Records provided -

────────────────────────────────────────

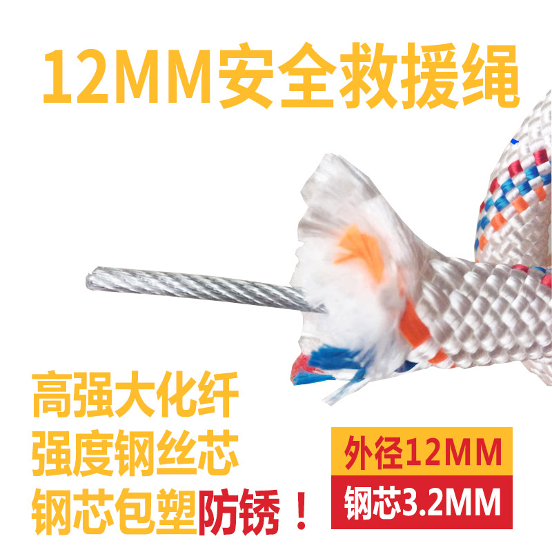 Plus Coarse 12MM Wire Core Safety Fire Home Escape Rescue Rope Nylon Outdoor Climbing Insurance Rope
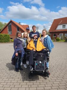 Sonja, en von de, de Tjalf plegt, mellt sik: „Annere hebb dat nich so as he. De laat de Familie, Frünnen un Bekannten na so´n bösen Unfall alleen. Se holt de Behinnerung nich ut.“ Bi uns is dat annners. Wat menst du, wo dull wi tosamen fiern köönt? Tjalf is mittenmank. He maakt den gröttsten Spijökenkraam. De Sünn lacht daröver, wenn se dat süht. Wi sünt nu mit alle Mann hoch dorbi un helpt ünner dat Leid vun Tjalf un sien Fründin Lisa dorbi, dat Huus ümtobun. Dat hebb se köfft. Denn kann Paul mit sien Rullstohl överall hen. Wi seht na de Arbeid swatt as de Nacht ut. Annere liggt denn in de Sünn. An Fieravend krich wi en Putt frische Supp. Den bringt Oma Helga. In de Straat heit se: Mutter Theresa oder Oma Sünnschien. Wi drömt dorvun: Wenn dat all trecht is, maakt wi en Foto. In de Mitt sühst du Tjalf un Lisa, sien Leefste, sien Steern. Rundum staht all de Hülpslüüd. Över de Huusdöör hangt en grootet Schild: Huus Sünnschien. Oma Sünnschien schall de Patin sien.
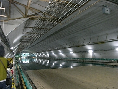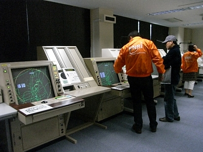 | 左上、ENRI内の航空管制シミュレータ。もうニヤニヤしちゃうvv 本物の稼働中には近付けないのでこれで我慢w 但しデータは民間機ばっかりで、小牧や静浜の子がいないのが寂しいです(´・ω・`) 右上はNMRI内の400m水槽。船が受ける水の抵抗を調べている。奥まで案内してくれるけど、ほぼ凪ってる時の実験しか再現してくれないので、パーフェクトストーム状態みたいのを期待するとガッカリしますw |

────────────────────────────────────────

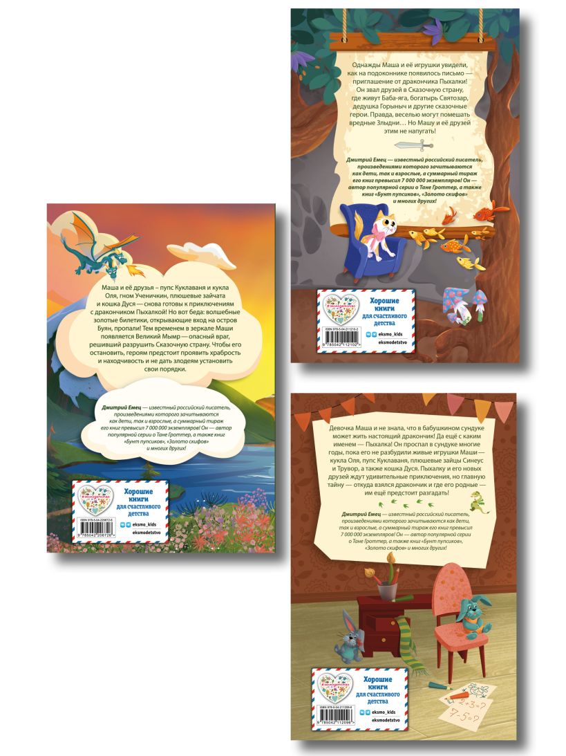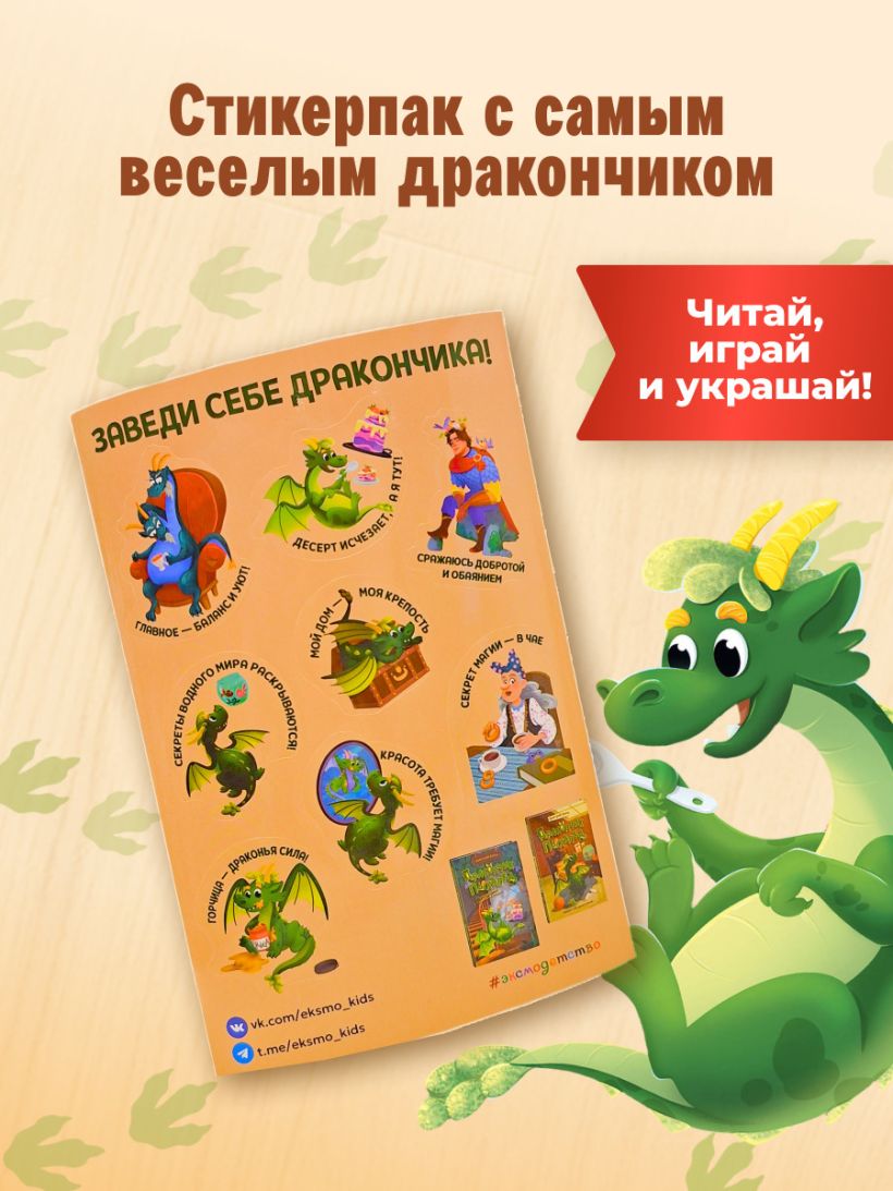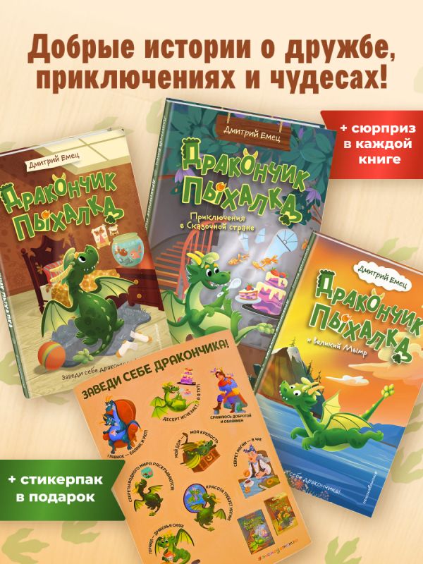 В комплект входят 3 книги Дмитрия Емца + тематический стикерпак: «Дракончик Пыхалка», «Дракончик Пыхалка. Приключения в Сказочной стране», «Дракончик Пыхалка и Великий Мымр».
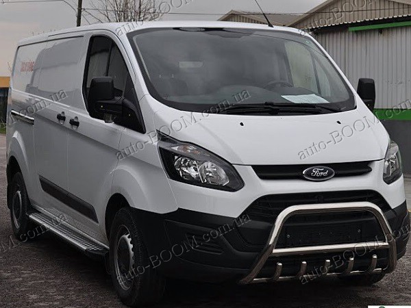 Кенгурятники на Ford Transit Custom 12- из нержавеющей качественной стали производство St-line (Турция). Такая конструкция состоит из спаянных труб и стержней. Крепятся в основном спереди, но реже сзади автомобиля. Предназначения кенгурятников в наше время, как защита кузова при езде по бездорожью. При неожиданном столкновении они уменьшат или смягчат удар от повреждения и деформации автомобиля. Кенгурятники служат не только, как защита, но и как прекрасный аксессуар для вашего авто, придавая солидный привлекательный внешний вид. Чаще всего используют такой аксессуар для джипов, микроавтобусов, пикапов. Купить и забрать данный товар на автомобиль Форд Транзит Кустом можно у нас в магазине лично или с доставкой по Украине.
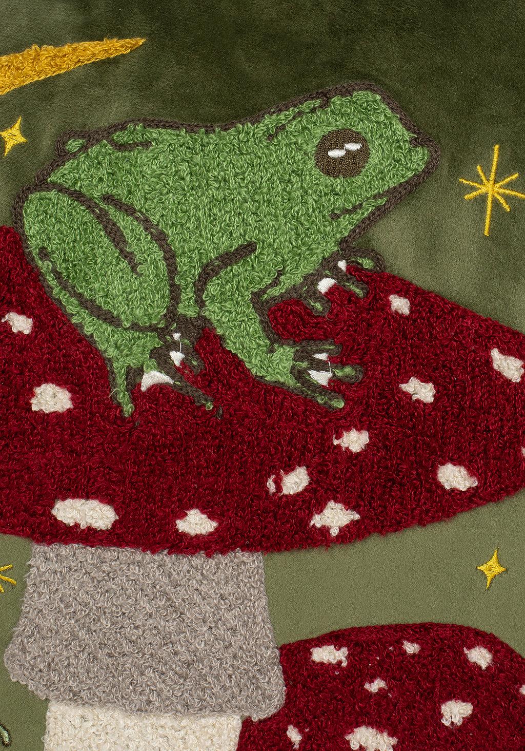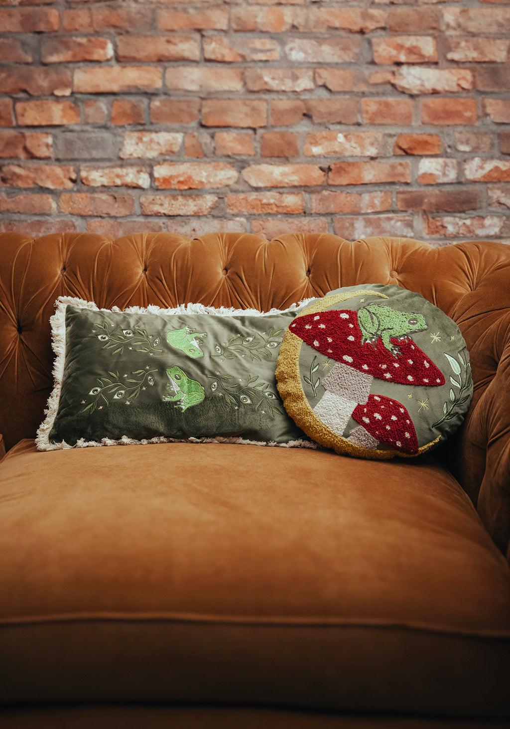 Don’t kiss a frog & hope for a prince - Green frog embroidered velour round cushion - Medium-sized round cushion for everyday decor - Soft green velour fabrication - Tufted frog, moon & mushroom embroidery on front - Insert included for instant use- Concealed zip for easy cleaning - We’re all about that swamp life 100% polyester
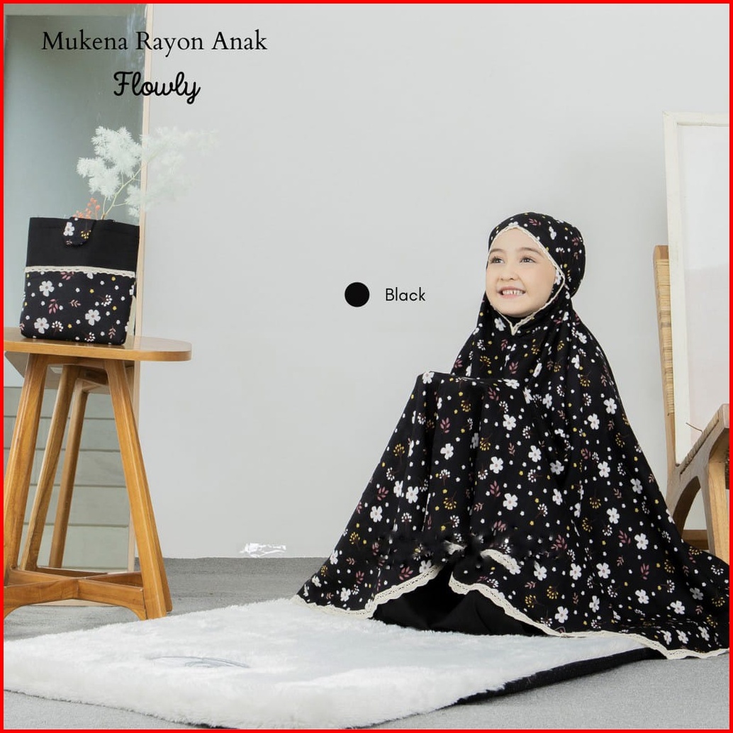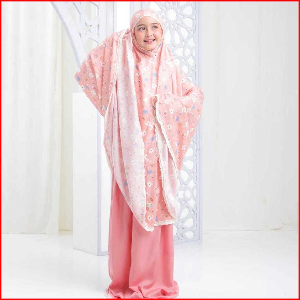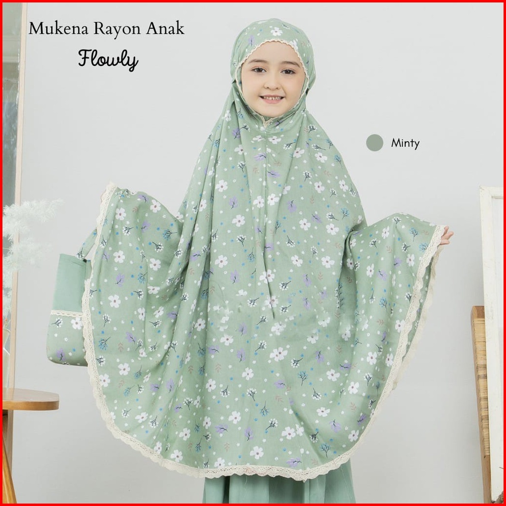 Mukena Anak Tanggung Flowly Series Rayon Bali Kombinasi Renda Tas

────────────────────────────────────────

What you will do - Copy only the lines above from the one containing "Don’t kiss a" through the one containing "Mukena Anak Tanggung", both included. Leave out the pictures.

Response for this exercise -
 Don’t kiss a frog & hope for a prince - Green frog embroidered velour round cushion - Medium-sized round cushion for everyday decor - Soft green velour fabrication - Tufted frog, moon & mushroom embroidery on front - Insert included for instant use- Concealed zip for easy cleaning - We’re all about that swamp life 100% polyester
 Mukena Anak Tanggung Flowly Series Rayon Bali Kombinasi Renda Tas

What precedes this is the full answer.